--- Task requirements ---
Retype every line from the start of the data down to and including the line with "Pembaruan ini juga". Skip the pictures.

--- Data provided ---
((
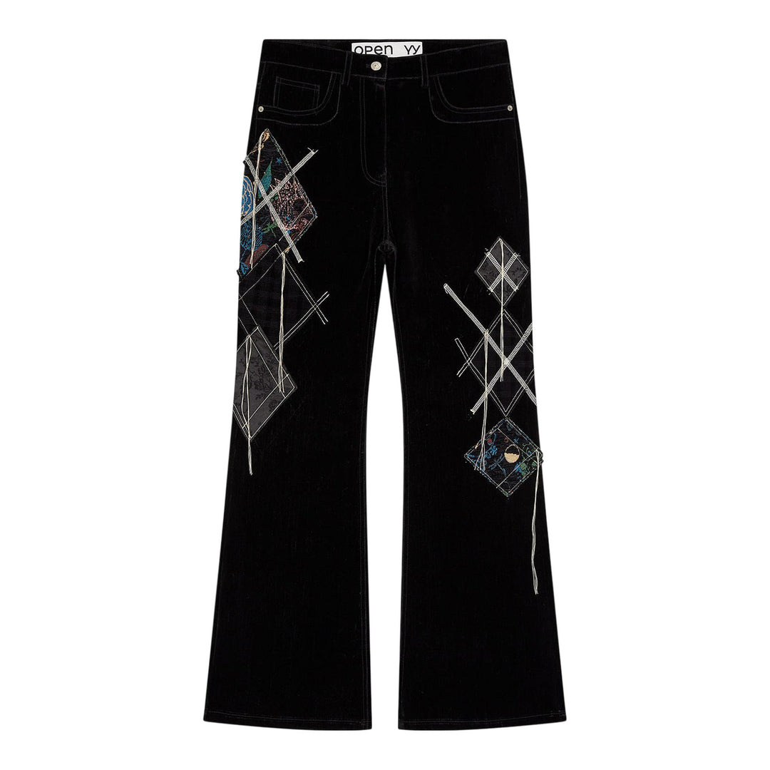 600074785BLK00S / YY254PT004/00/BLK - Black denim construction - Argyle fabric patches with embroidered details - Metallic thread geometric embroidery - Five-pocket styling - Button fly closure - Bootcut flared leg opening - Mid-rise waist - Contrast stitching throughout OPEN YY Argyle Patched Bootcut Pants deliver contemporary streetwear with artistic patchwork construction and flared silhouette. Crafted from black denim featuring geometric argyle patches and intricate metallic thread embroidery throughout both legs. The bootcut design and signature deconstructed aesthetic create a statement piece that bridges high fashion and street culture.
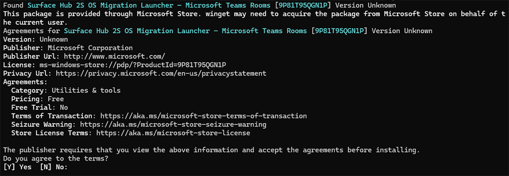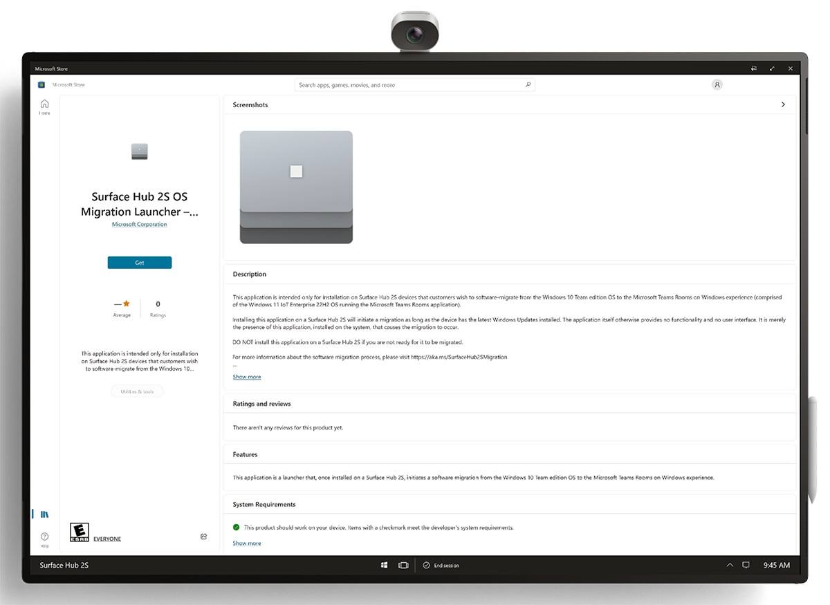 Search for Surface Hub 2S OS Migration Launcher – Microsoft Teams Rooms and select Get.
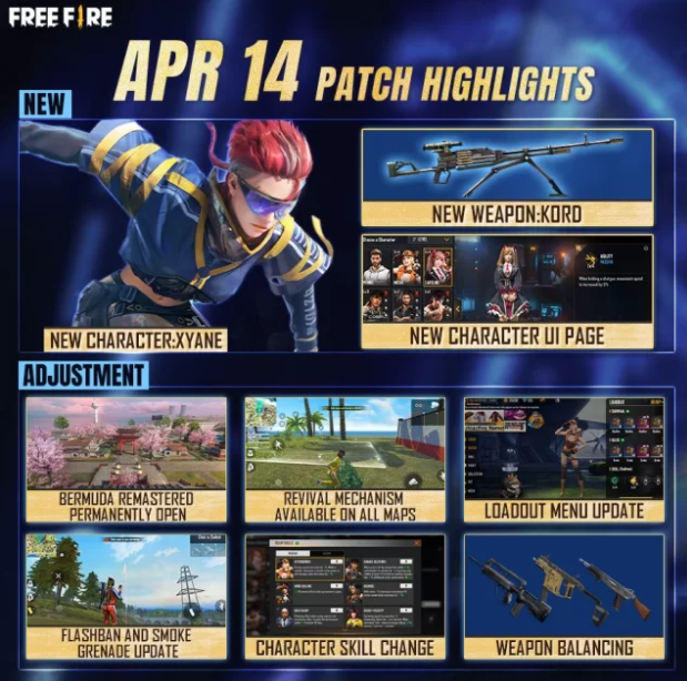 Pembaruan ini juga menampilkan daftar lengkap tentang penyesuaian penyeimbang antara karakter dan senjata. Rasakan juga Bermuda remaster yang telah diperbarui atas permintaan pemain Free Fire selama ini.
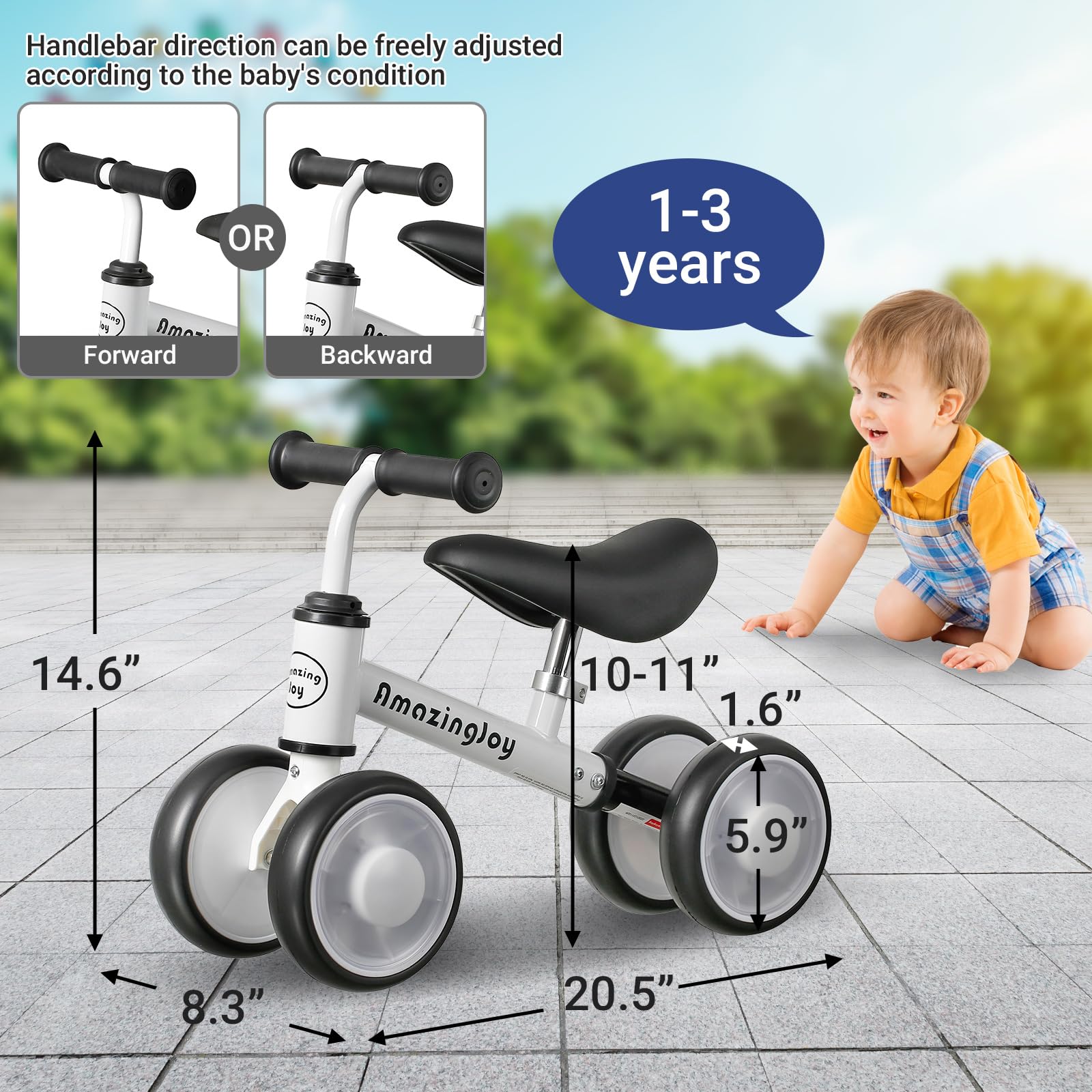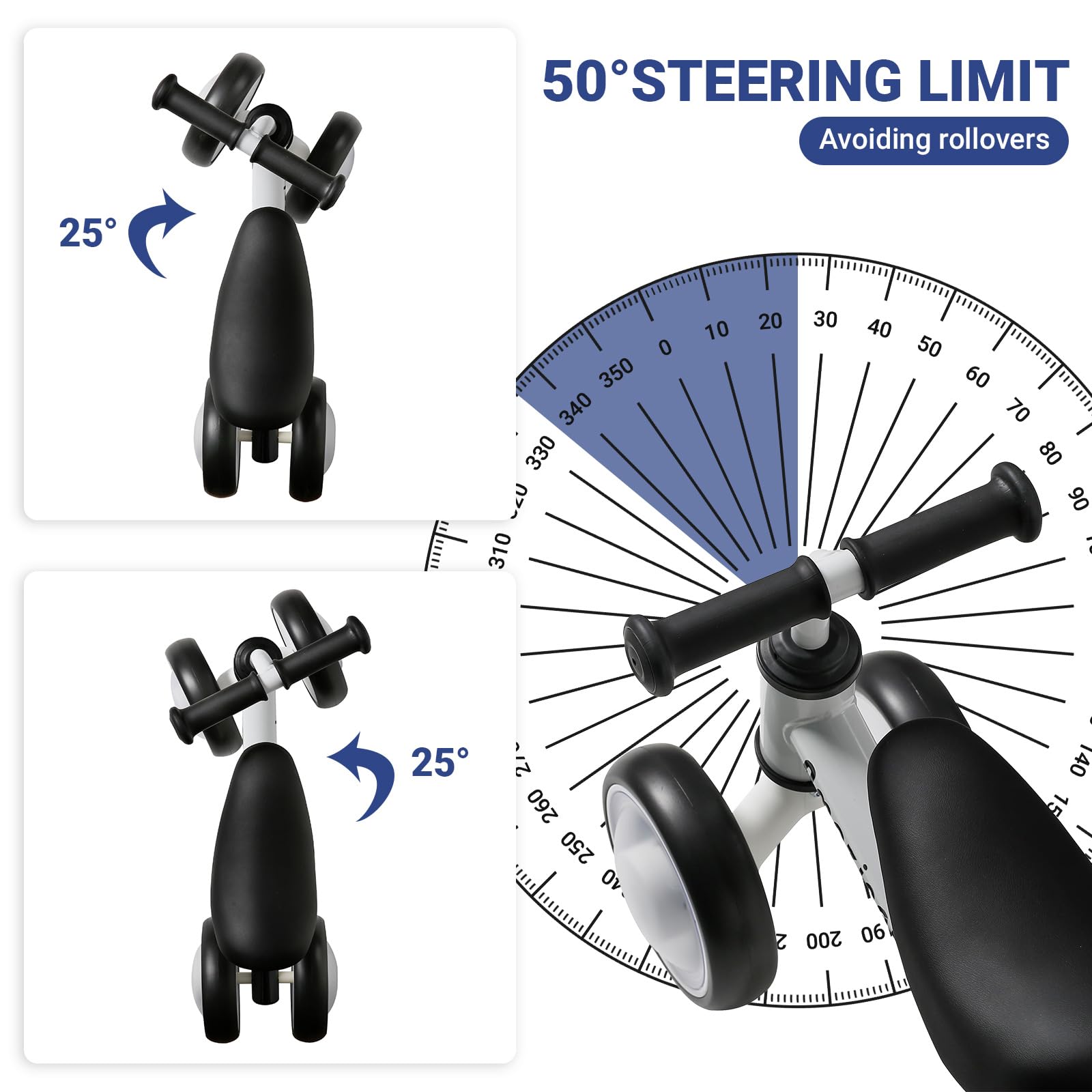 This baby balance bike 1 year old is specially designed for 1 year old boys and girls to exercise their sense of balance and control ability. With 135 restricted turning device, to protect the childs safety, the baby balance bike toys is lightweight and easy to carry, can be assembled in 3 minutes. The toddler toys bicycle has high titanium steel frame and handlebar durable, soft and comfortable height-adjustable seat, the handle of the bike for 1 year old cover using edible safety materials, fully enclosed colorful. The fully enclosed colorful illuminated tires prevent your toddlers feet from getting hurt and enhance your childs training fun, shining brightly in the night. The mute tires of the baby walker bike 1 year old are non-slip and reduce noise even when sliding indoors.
))
--- Response area ---
 600074785BLK00S / YY254PT004/00/BLK - Black denim construction - Argyle fabric patches with embroidered details - Metallic thread geometric embroidery - Five-pocket styling - Button fly closure - Bootcut flared leg opening - Mid-rise waist - Contrast stitching throughout OPEN YY Argyle Patched Bootcut Pants deliver contemporary streetwear with artistic patchwork construction and flared silhouette. Crafted from black denim featuring geometric argyle patches and intricate metallic thread embroidery throughout both legs. The bootcut design and signature deconstructed aesthetic create a statement piece that bridges high fashion and street culture.
 Search for Surface Hub 2S OS Migration Launcher – Microsoft Teams Rooms and select Get.
 Pembaruan ini juga menampilkan daftar lengkap tentang penyesuaian penyeimbang antara karakter dan senjata. Rasakan juga Bermuda remaster yang telah diperbarui atas permintaan pemain Free Fire selama ini.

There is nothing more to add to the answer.